[Records to use]
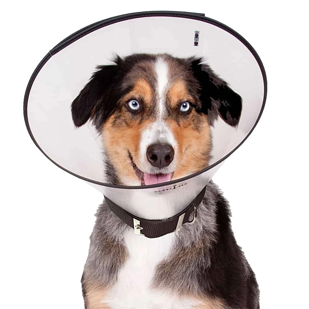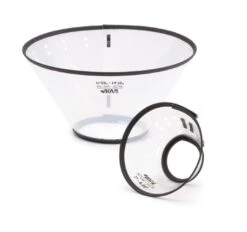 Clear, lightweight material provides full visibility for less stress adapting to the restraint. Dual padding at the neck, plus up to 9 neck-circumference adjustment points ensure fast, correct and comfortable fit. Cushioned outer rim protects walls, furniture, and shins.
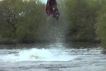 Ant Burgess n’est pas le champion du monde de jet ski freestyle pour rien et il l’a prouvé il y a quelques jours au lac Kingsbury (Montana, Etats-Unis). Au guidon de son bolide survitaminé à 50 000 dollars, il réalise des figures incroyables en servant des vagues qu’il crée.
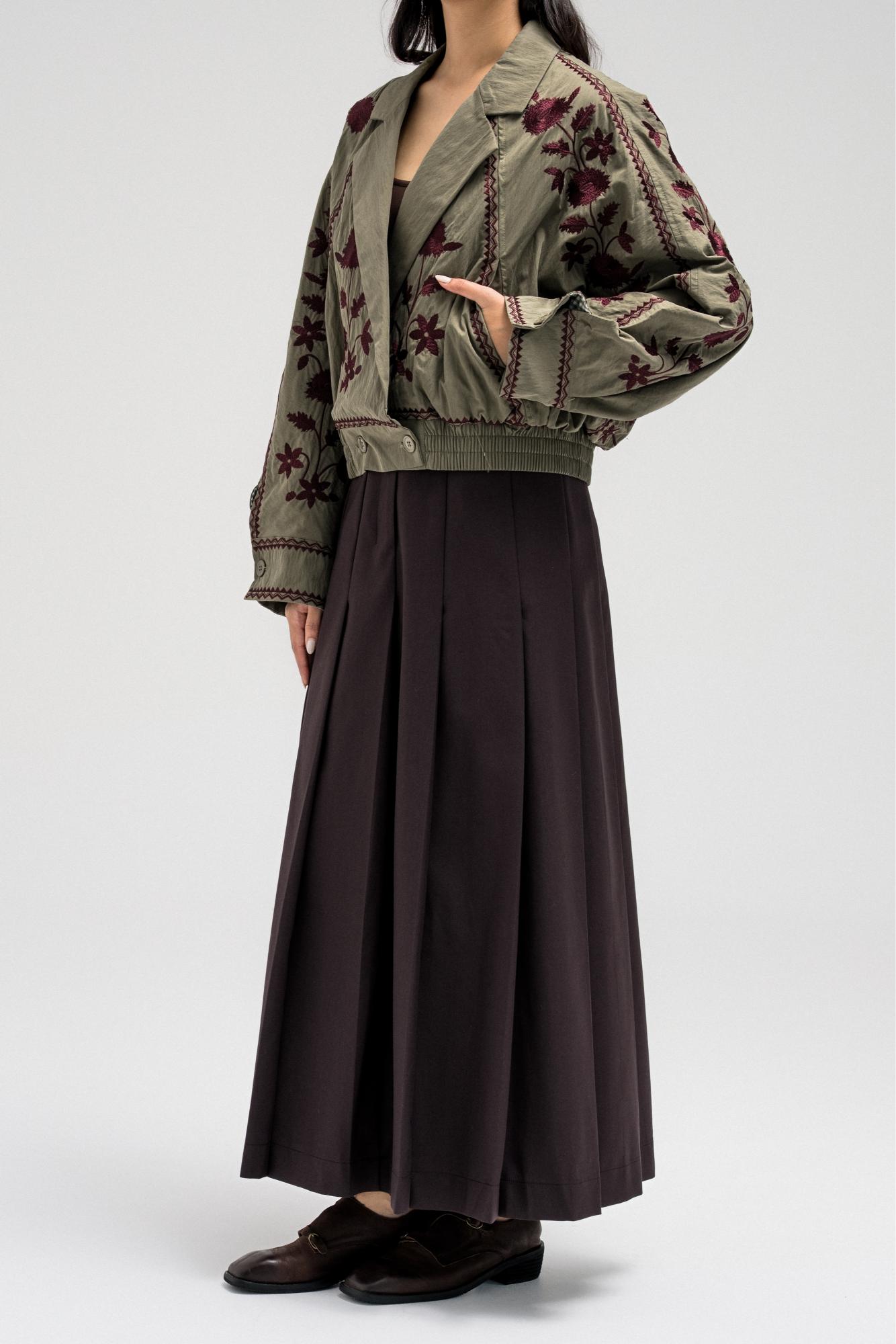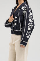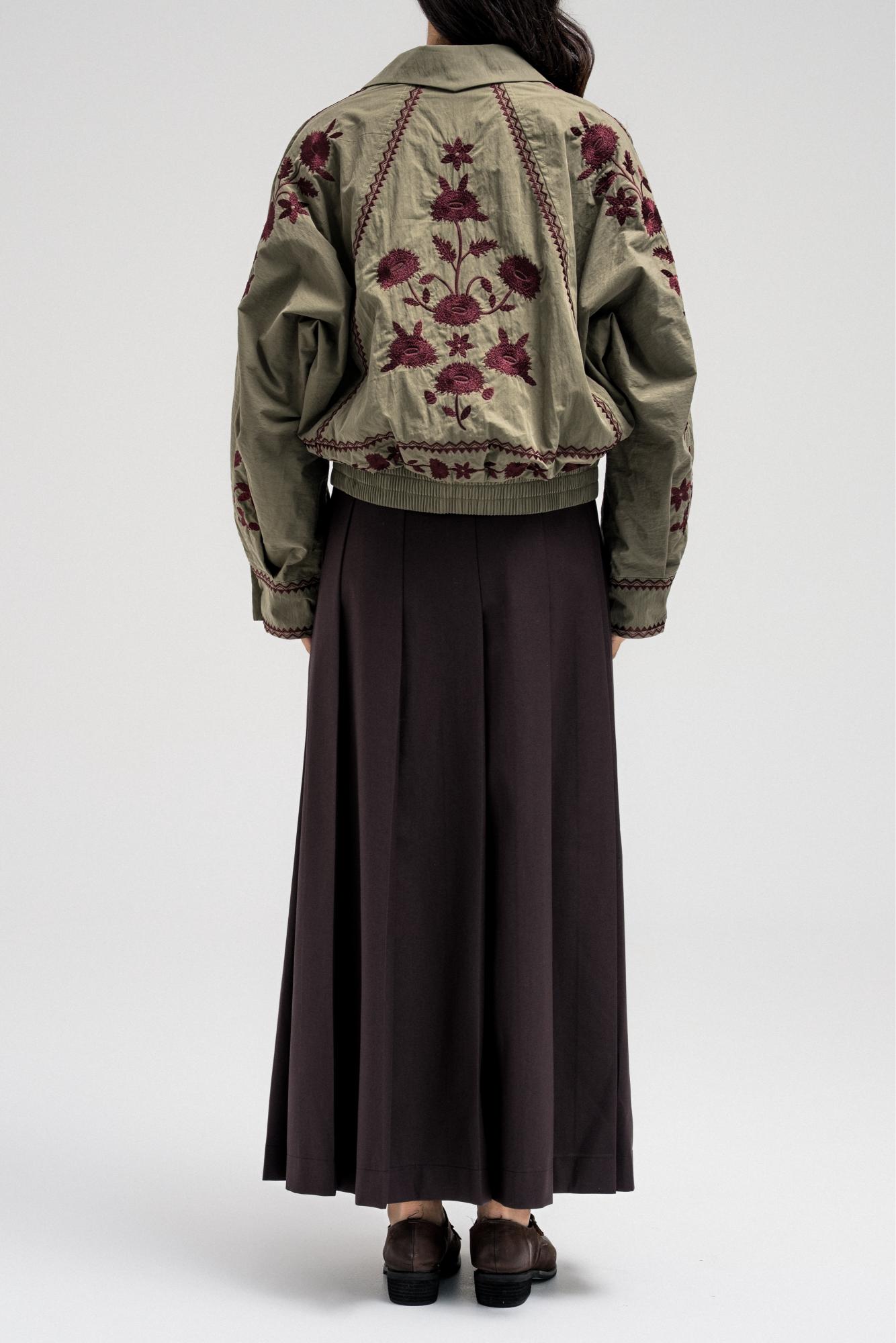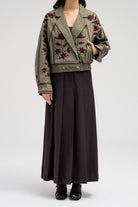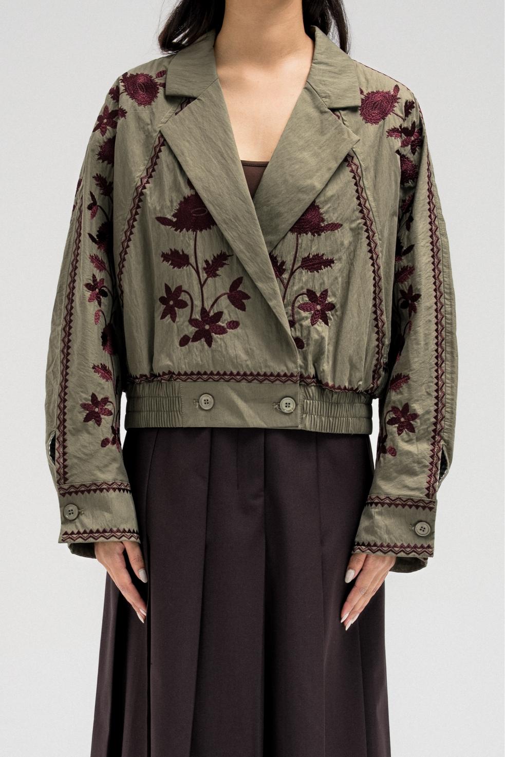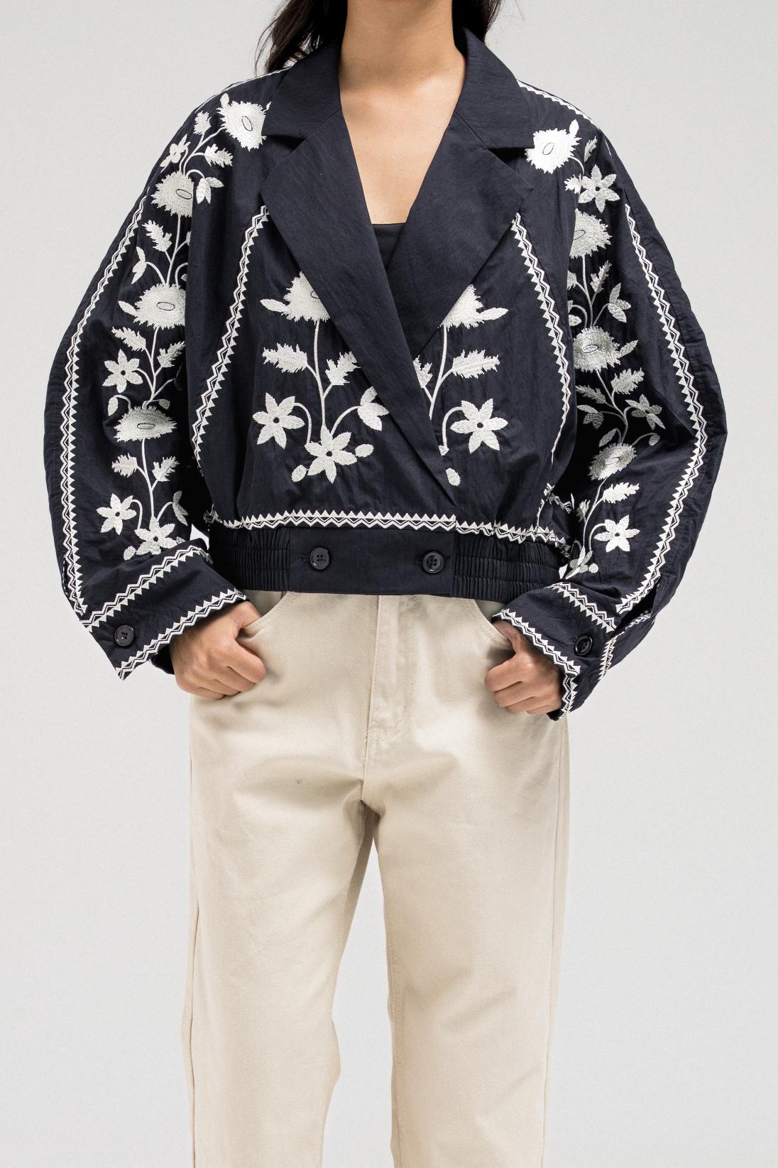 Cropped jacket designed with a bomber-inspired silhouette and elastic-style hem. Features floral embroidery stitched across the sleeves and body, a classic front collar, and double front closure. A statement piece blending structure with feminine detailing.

==

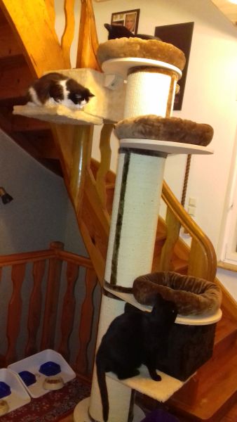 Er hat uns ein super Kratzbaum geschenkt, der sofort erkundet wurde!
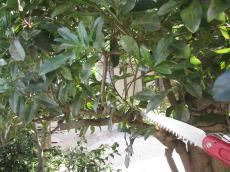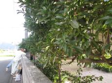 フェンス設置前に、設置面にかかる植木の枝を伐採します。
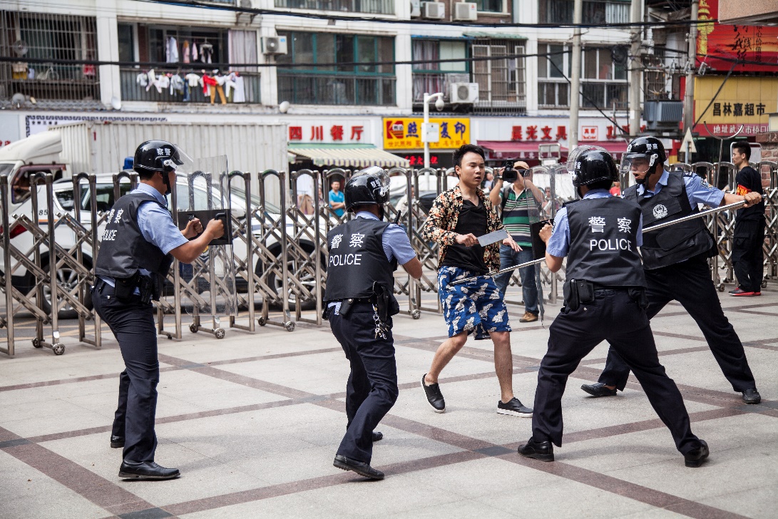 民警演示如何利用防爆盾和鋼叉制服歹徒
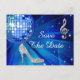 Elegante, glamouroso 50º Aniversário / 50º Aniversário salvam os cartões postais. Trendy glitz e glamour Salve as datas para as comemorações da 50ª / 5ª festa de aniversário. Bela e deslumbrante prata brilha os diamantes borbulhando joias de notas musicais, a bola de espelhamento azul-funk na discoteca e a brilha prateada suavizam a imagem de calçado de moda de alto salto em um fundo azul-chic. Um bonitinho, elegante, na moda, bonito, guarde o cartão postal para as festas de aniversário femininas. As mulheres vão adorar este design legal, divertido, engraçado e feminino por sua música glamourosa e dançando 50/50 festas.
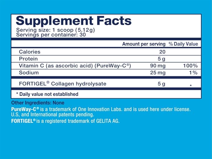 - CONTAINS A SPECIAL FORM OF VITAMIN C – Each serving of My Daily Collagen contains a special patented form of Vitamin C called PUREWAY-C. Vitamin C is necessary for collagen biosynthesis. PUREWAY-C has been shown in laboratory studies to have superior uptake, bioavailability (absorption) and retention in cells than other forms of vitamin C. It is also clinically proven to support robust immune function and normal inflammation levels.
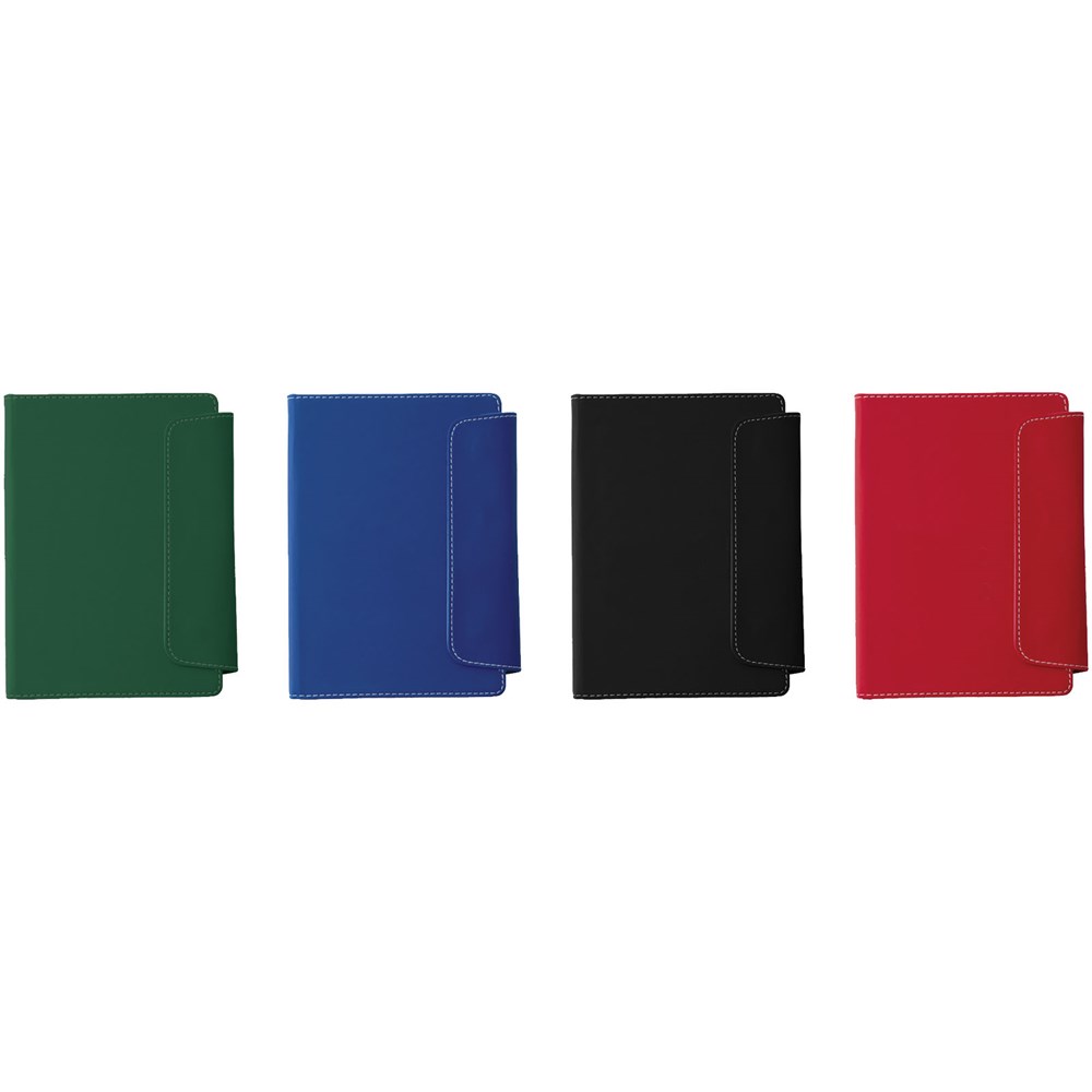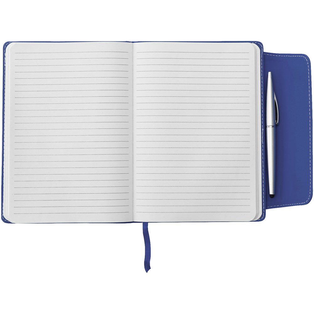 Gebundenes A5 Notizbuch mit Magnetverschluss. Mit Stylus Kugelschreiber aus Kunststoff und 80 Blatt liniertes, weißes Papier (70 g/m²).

--

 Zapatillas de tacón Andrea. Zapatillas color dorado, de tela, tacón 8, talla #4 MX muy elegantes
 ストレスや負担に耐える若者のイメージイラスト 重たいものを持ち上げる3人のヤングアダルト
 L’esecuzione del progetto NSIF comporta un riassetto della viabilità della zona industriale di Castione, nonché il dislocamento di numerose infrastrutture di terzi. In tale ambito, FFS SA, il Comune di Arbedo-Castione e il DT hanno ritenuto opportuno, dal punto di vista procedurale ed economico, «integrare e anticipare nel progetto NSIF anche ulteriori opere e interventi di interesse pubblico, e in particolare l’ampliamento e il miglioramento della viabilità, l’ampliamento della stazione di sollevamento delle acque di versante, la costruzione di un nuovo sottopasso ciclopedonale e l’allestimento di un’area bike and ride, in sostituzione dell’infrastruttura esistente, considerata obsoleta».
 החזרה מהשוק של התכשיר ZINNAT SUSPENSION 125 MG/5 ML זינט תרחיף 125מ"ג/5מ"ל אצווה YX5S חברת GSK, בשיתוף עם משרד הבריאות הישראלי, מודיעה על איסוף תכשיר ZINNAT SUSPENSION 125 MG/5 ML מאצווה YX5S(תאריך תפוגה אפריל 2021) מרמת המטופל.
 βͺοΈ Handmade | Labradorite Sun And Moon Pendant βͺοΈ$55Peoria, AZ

[Problem requirements] A word-for-word reproduction is needed of the lines above from the line containing "- CONTAINS A" through the line containing "Gebundenes A5 Notizbuch", with both ends kept and no pictures.

[Written answer]
 - CONTAINS A SPECIAL FORM OF VITAMIN C – Each serving of My Daily Collagen contains a special patented form of Vitamin C called PUREWAY-C. Vitamin C is necessary for collagen biosynthesis. PUREWAY-C has been shown in laboratory studies to have superior uptake, bioavailability (absorption) and retention in cells than other forms of vitamin C. It is also clinically proven to support robust immune function and normal inflammation levels.
 Gebundenes A5 Notizbuch mit Magnetverschluss. Mit Stylus Kugelschreiber aus Kunststoff und 80 Blatt liniertes, weißes Papier (70 g/m²).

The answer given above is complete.